Adding to the challenge, Venatorx’s plans to introduce cefepime-taniborbactam, a promising new antibiotic for multi-drug-resistant infections, through its partnership with GARDP, come with significant caveats. While there are intentions to make this drug available in 64 LMICs, including India, through export waivers and an international procurement agency, concrete steps remain elusive.
Why should India worry?
The World Health Organization (WHO) found only 12 new antibiotics gained market approval between 2017 and 2021, with just two representing new chemical classes, the report noted. The delay in drug registration and access plans could result in a public health crisis for India, where drug-resistant infections are rapidly escalating.
“Drug-resistant infections are on the rise in India, and the development of new drugs is urgently required. However, launching new drugs depends on investment, political and legal frameworks, a conducive environment, and technology for clinical trials and delivery systems. India should lead the world due to its huge market potential but has failed to take the lead because of a lack of infrastructure, trained human resources, and a supportive environment,” said Dr Jugal Kishore, Director Professor, community medicine at Vardhman Mahavir Medical College and Safdarjung Hospital.
“Compliance with standards and the quality of procedures are poor. There is no institutional support or incentive to carry out research. Instead, it is quite humiliating, laborious, and poorly paid. Everyone looks at researchers with suspicion of personal benefit and corruption. We are critically facing drug resistance in TB, leprosy, malaria, fungal infections, pneumonia, UTIs, and many other infections. The government should urgently ease all bottlenecks before it is too late,” he said.

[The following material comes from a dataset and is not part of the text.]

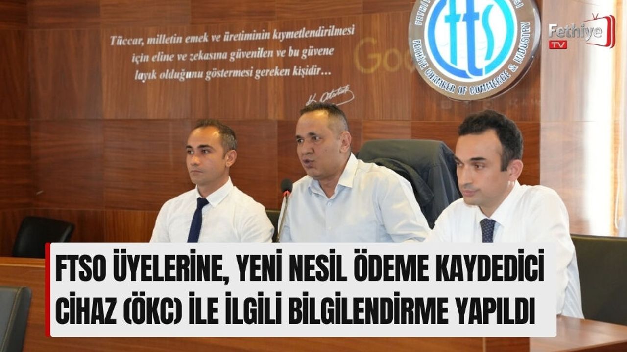 FTSO Likya Salonu’nda FTSO Yönetim Kurulu Başkanı Osman Çıralı ve yönetim kurulu üyelerinin ev sahipliğinde düzenlenen toplantıda Fethiye Vergi Dairesi Müdürü Mithat Aktar ve vergi dairesi temsilcileri, hizmet ve satış sektöründe faaliyet gösteren tüm işletmelerin bağlantılı şekilde çalışmasının zorunlu olduğu, yeni nesil Ödeme Kaydedici Cihaz (ÖKC) ve yazarkasa POS entegrasyonuna ilişkin bilgilendirme yaptı.

The development holds importance for India as the country launched the National Action Plan on Antimicrobial Resistance in 2017.
Furthermore, the central government has been promoting rational use of antibiotics.
“Government’s efforts to promote the rational use of antibiotics and strengthen surveillance systems have yielded positive results, instilling hope in our fight against this critical issue. However, the critical issue of drug approval delays, which impede our battle against antibiotic resistance. The situation's urgency is apparent: we must expedite the registration and distribution of new antibiotics to combat drug-resistant infections effectively,” said Dr K Madan Gopal, Advisor, Public Health Administration, National Health Systems Resource Centre (NHSRC), government’s policy think tank.
“Given these findings, it is of utmost importance for pharmaceutical companies, policymakers, and international health organisations to come together. We must expedite the approval process and ensure the accessibility and affordability of these life-saving medications,” he said.